At a time when personal recognizance bonds are on the rise alongside judicial inadequacy, Craig Anthony Bright adds to a list of violent offenders let “off the hook” despite extended criminal records. And his boasts eleven total arrests.
On June 15, 2019 Mr. Bright was arrested and transported to the Al Cannon Detention Center for his sixth violent offense — Domestic Violence Second Degree — and was released on personal recognizance bond 16 hours later by Magistrate John C. Kenney of the Centralized Bond Hearing Court located on Leeds Avenue in North Charleston.
Craig Bright has a long and storied criminal record in Charleston County that has its beginnings in July 2012 with a Burglary arrest, which was ultimately disposed of.
But his behavior became increasingly detrimental to those who loved him the most, as he was arrested in February 2015 on counts of Criminal Domestic Violence (CDV) First Offense and Possession less than One Gram of Meth/Cocaine Base.
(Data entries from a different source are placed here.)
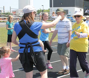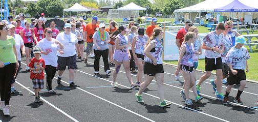 Besides walking the track, the event featured local entertainment, theme laps, a kids' zone, and at 7 p.m., the cancer survivors walked their victory lap behind the Kincardine Scottish Pipe Band.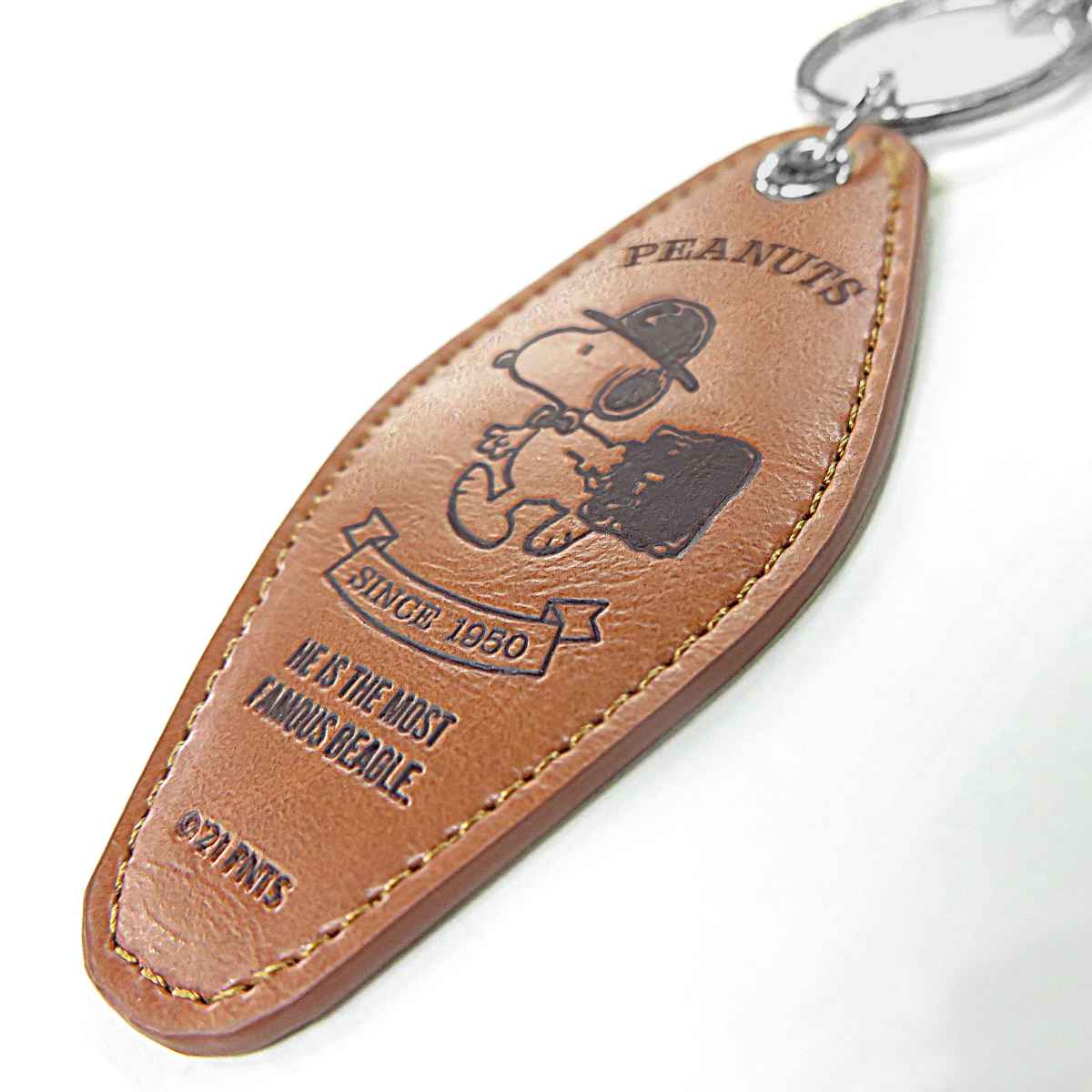 人気のスヌーピーが描かれたキーホルダーは、合皮に型押しの高級感のあるオシャレなデザインで、ちょっとした贈り物にもおススメです。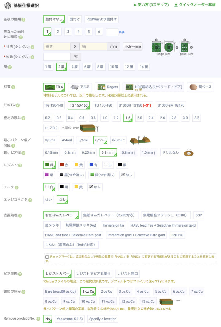 標準的な基板の発注であれば、他の項目はデフォルトで設定されている項目を選択しておけば問題ないと思います。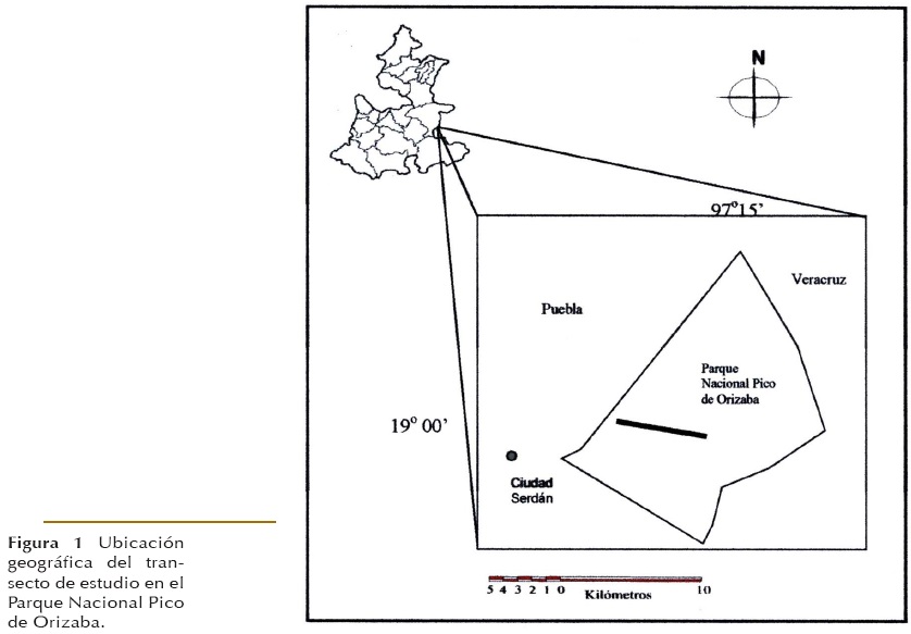 El estudio se realizó en el Parque Nacional Pico de Orizaba, el cual comprende un área total de 19,756 ha, se encuentra ubicado en el Estado de Puebla, en los Municipios de Tlachichuca, Chalchicomula de Sesma, Atzitzintla; y en Veracruz (Chalcahualco y La Perla). Se localiza entre 18° 56' 30'' y 19° 09' 30'' Latitud N, y entre 97° 12' 30'' y 97° 22' 30'' Longitud W (Vargas 1984). Presenta un intervalo altitudinal que va de los 2,700 a los 5,760 m, y queda a unos 200 km al este de la Ciudad de México, en el borde de la Meseta Central (Lorenzo 1964, Fig. 1).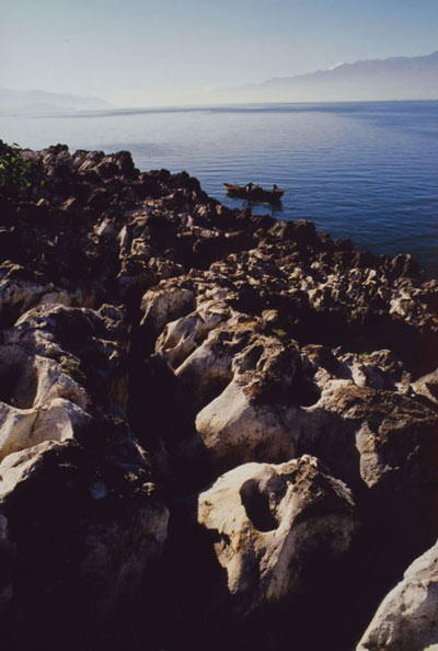 在岛上有一片“太湖石群落景区”。“太湖石”是一种珍贵的园林观赏石。因这种石头大都产于太湖而得名。一块好的太湖石价值不蜚,求之不易。而这个岛上的太湖石不仅种类繁多、姿态万千、怪异非常;而且规模宏大、成林成片、构成群落,蔚为壮观。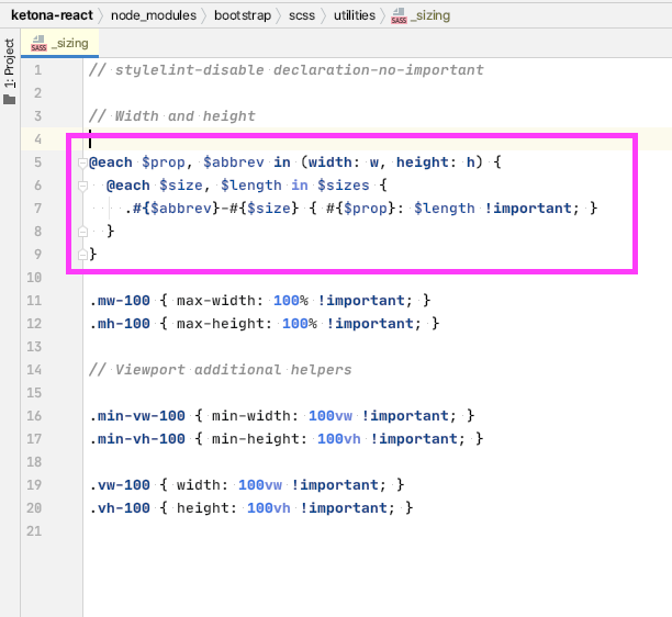 }在第一个宽度和高度是$prop,w和h是$abbrev。第二个循环迭代来自$size文件的$length和_variables.scss文件。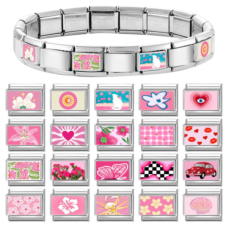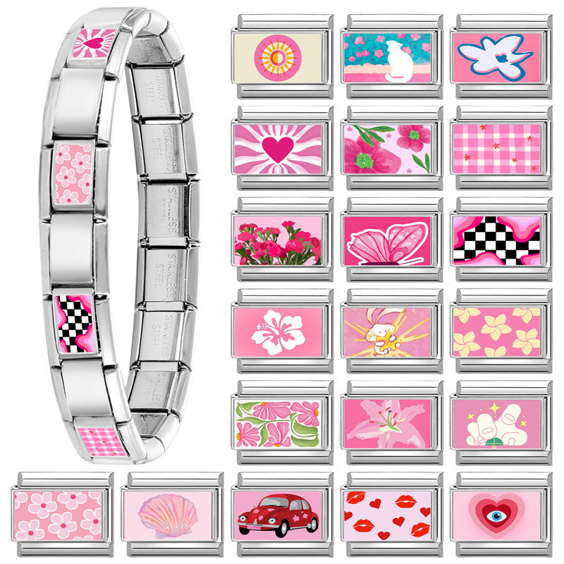Wholesale 9mm Italian Charm Starter Bracelets DIY Flower Series Stainless Steel Composable Bracelet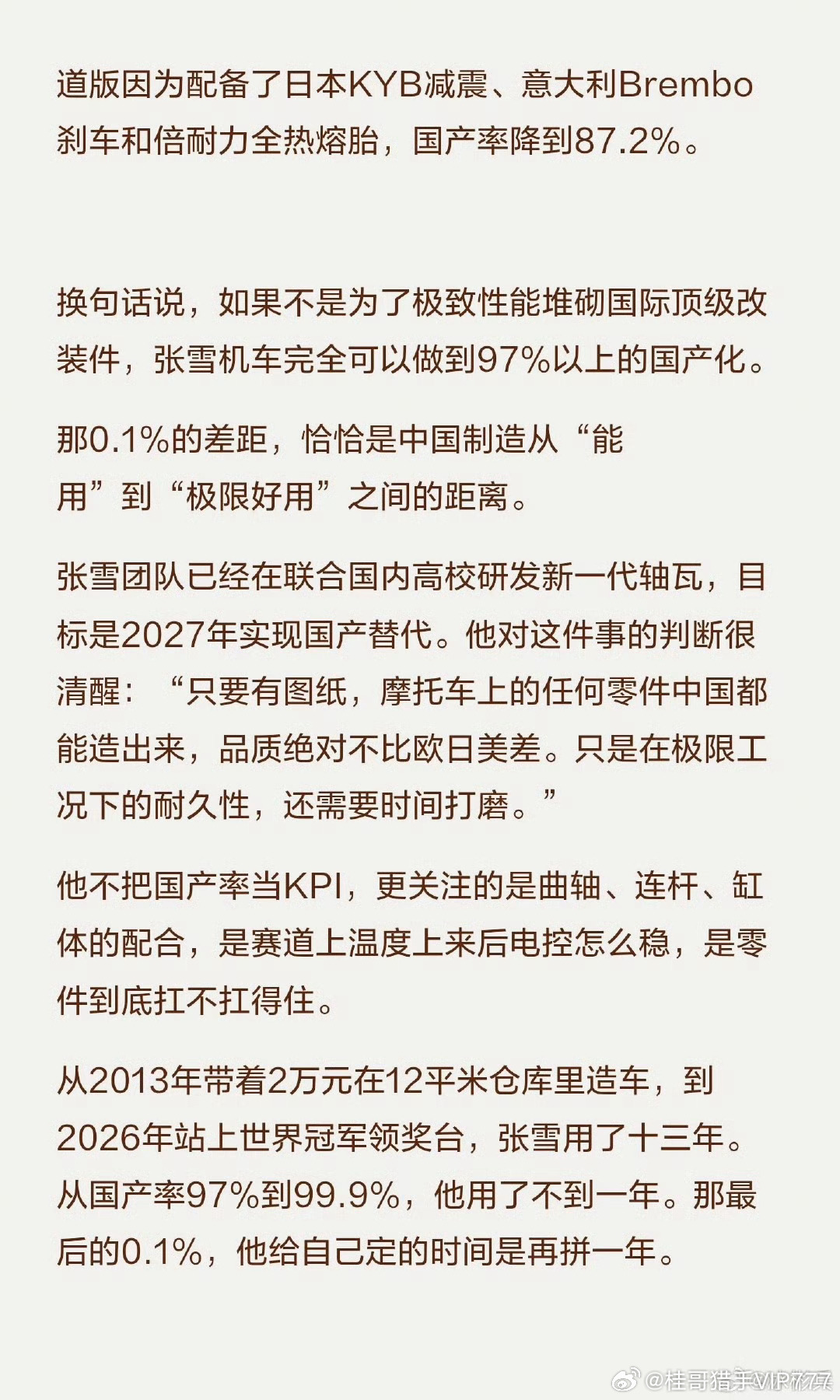 刚拿下世界冠军张雪就自曝家丑 99%国产率的赛车,藏着两个小日子零件 桂哥评:这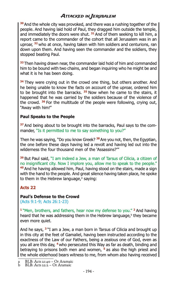- Scripture text colour coded: words of Jesus in red, words of Paul in green, chapter and verse numbers in brown, cross references in blue

Mr. Bright was found guilty via Bench Trial for the CDV charge, and plead guilty to the latter.
Five months later he was jailed for Assault and Battery by Mob Second Degree, which was disposed of as Nolle Prosequi. (Nolle Prosequi is a Latin legal phrase for “be unwilling to pursue”)
In addition to Mr. Bright’s first violent guilty plea, he plead guilty to Domestic Violence Second Degree — the same charge he was most recently arrested for — following an August 2017 arrest.
With all relative information at our disposal, it is reasonable to suggest Magistrate Kenney’s continued failure to critically analyze and act with a judicial autonomy carries with it a veiled threat to the general health of the community. And Mr. Kenney has only been on the Bench for seven months.